▶ PROBLEM DESCRIPTION: When the line with "Tel. (213) 327-5828" comes up, set it down and every later line to the end of the data, exactly and without pictures.

▶ Dataset records:
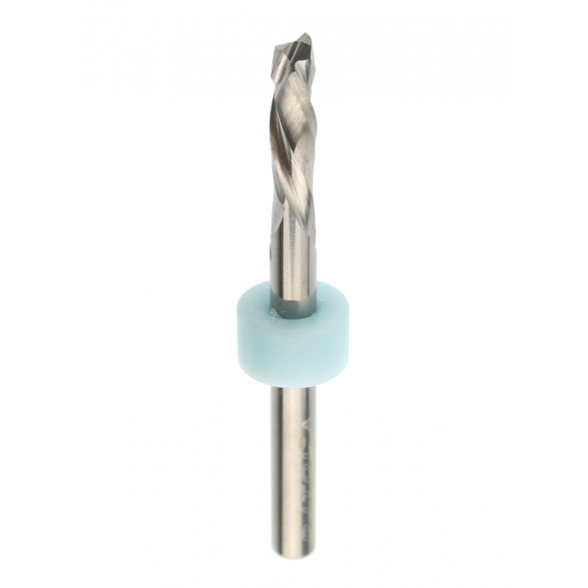Upcut bits pull up on your material while cutting to help clear chips, but can create some chipping or a rougher finish on the topside of your material. Downcut bits push down on your material while cutting to create a nice top finish, but that can lead to some chipping or a rougher finish on the bottom side of your material. Choose a style of bit to match the type of cut and finish you’d like to achieve.
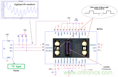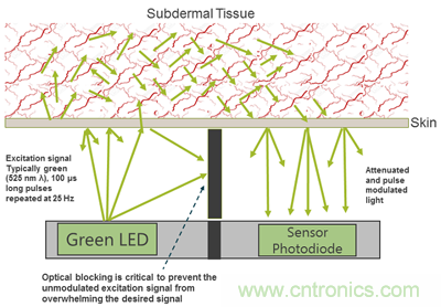 圖3以Silicon Labs的Si118x光guang學xue傳chuan感gan器qi為wei例li來lai說shuo明ming電dian路lu原yuan理li,基ji於yu此ci器qi件jian可ke以yi相xiang對dui方fang便bian地di實shi現xian心xin率lv檢jian測ce設she計ji。工gong程cheng師shi隻zhi需xu專zhuan注zhu於yu設she計ji的de光guang學xue部bu分fen,其qi中zhong包bao括kuo電dian路lu板ban上shang各ge部bu分fen間jian的de光guang學xue單dan元yuan和he將jiang該gai係xi統tong如ru何he與yu皮pi膚fu配pei合he。
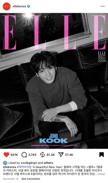 On the 29th of this month, some netizens noticed that G-Dragon had liked a post featuring Jungkook in collaboration with Chanel Beauty on Elle кσяєα’s Instagram.
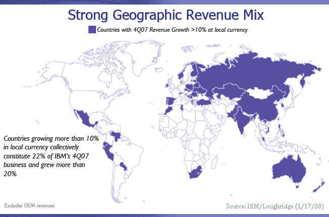 Updated 1/18/08, 8:30AM, adds Market Update...Analysis of IBM's 4Q07 Business Results Services, Emerging Markets Boost IBM Improved Profitability across Business Segments Also Strengthens Big Blue's Bottom Line; CFO Bullish on 2008 SCOTTSDALE, Jan 17 – Have you ever read a book by checking out the last chapter first? Well, that's what IBM did with its double-dipping fourth quarter release. As you saw three days ago, IBM first released its preliminary top and bottom line results. Wall Street loved it (see "Big Blue Shines in Fourth Quarter," Jan 14). And this afternoon, after the markets closed, the company filled out the mid-sections of its financial statements. Wall Street loved it even more. Big Blue shares were up 4.85 points in after-hours trading to $106, and are still rising as we write this.
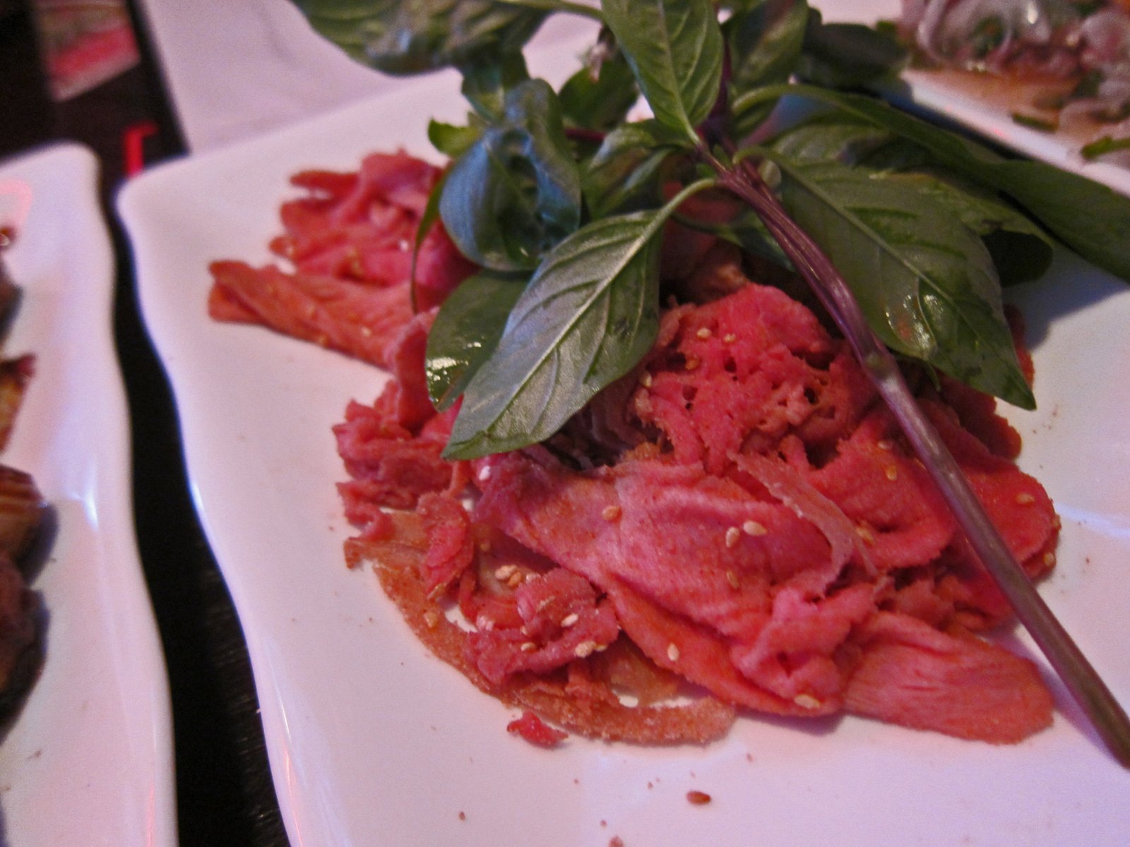 Rare Steak Marinated in Lemon, called Bo Tai Chanh ($4.50).
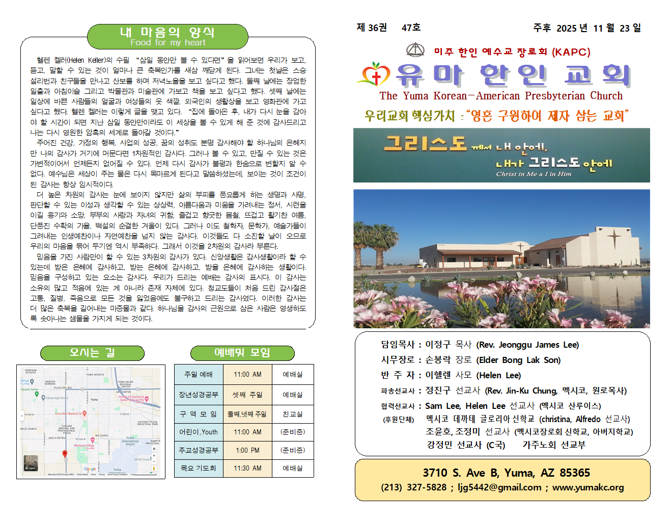 Tel. (213) 327-5828 | Email: ljg5442@gmail.com | 유투브채널 : 유마한인교회(이정구목사)@ljg5441
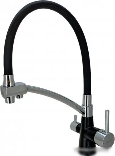 Смеситель Gerhans KK4855B-2 специально создан для кухни и устанавливается на раковину или столешницу. Он имеет однорычажный механизм, который позволяет легко регулировать температуру и поток воды одним движением. Благодаря поворотному и выдвижному изливу с аэратором, вы удобно наполняете большие кастрюли и моете посуду. Встроенный кран для питьевой воды обеспечивает безопасное и комфортное использование. Смеситель выполнен из прочной латунь и покрыт стильным черным цветом с хромированным акцентом. Высота устройства — 416 мм, длина излива — 224 мм, а высота излива — 195 мм, что дает хорошую свободу движений. Керамический картридж гарантирует долгий срок службы и надежное регулирование. Его простая конструкция и качественные материалы обеспечивают долговечность и легкое обслуживание.

▶ OUTPUT BELOW:
 Tel. (213) 327-5828 | Email: ljg5442@gmail.com | 유투브채널 : 유마한인교회(이정구목사)@ljg5441
 Смеситель Gerhans KK4855B-2 специально создан для кухни и устанавливается на раковину или столешницу. Он имеет однорычажный механизм, который позволяет легко регулировать температуру и поток воды одним движением. Благодаря поворотному и выдвижному изливу с аэратором, вы удобно наполняете большие кастрюли и моете посуду. Встроенный кран для питьевой воды обеспечивает безопасное и комфортное использование. Смеситель выполнен из прочной латунь и покрыт стильным черным цветом с хромированным акцентом. Высота устройства — 416 мм, длина излива — 224 мм, а высота излива — 195 мм, что дает хорошую свободу движений. Керамический картридж гарантирует долгий срок службы и надежное регулирование. Его простая конструкция и качественные материалы обеспечивают долговечность и легкое обслуживание.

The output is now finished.